→ Task prompt: Exactly the lines from the one with "福建省食品机械产品质量省级监督抽查结果(合格)" through the end of the data below must be set down, and no pictures with them.

→ Data extract:
_ _ _
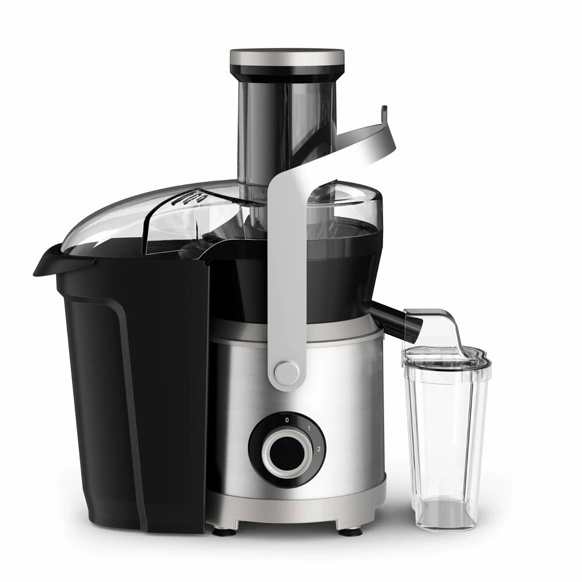 Довговічні, міцні матеріали Корпус з нержавіючої сталі та високоякісна алюмінієва ручка для легкого та довговічного використання. Вибирайте свою швидкість 2 універсальні швидкості – ідеально підходить як для м’яких, так і твердих інгредієнтів. Ідеальний контейнер для м’якоті У контейнері для м’якоті об’ємом 2.2 л достатньо місця для залишків після щедрого вичавлювання соку, а завдяки ергономічному дизайну його легко очищати. Оптимальний контейнер для соку Контейнер для соку 0.8 л ідеально підходить як для порцій на одного, так і для всієї родини, а піновідділювач забезпечує бездоганний кінцевий результат.
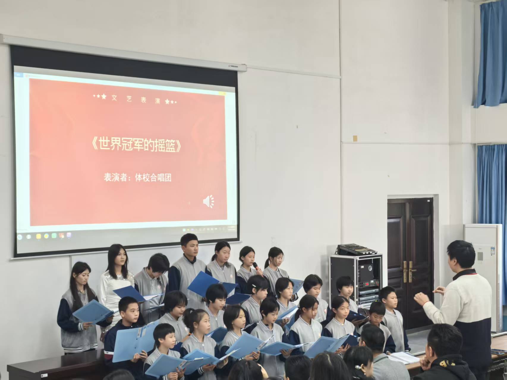 体校合唱团随后登场,歌声将现场气氛推向高潮。《凤凰花开的路口》悠扬婉转,诉说着离别与成长;校歌《世界冠军的摇篮》激昂奋进,唱出了体校人的自豪与担当。
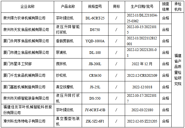 福建省食品机械产品质量省级监督抽查结果(合格)
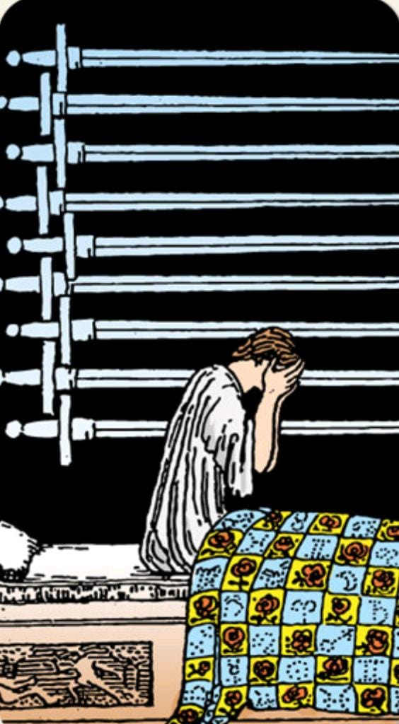 El Nueve de Espadas nos muestra a una figura sentada en su cama, con la cabeza entre las manos, atormentada por nueve espadas colgando sobre ella. Es la carta de la preocupación, la ansiedad, las pesadillas y el tormento mental. A menudo aparece cuando la tristeza es abrumadora y no nos deja dormir, o cuando nos sentimos atrapados en un ciclo de pensamientos negativos.
_ _ _
→ Written reply:
 福建省食品机械产品质量省级监督抽查结果(合格)
 El Nueve de Espadas nos muestra a una figura sentada en su cama, con la cabeza entre las manos, atormentada por nueve espadas colgando sobre ella. Es la carta de la preocupación, la ansiedad, las pesadillas y el tormento mental. A menudo aparece cuando la tristeza es abrumadora y no nos deja dormir, o cuando nos sentimos atrapados en un ciclo de pensamientos negativos.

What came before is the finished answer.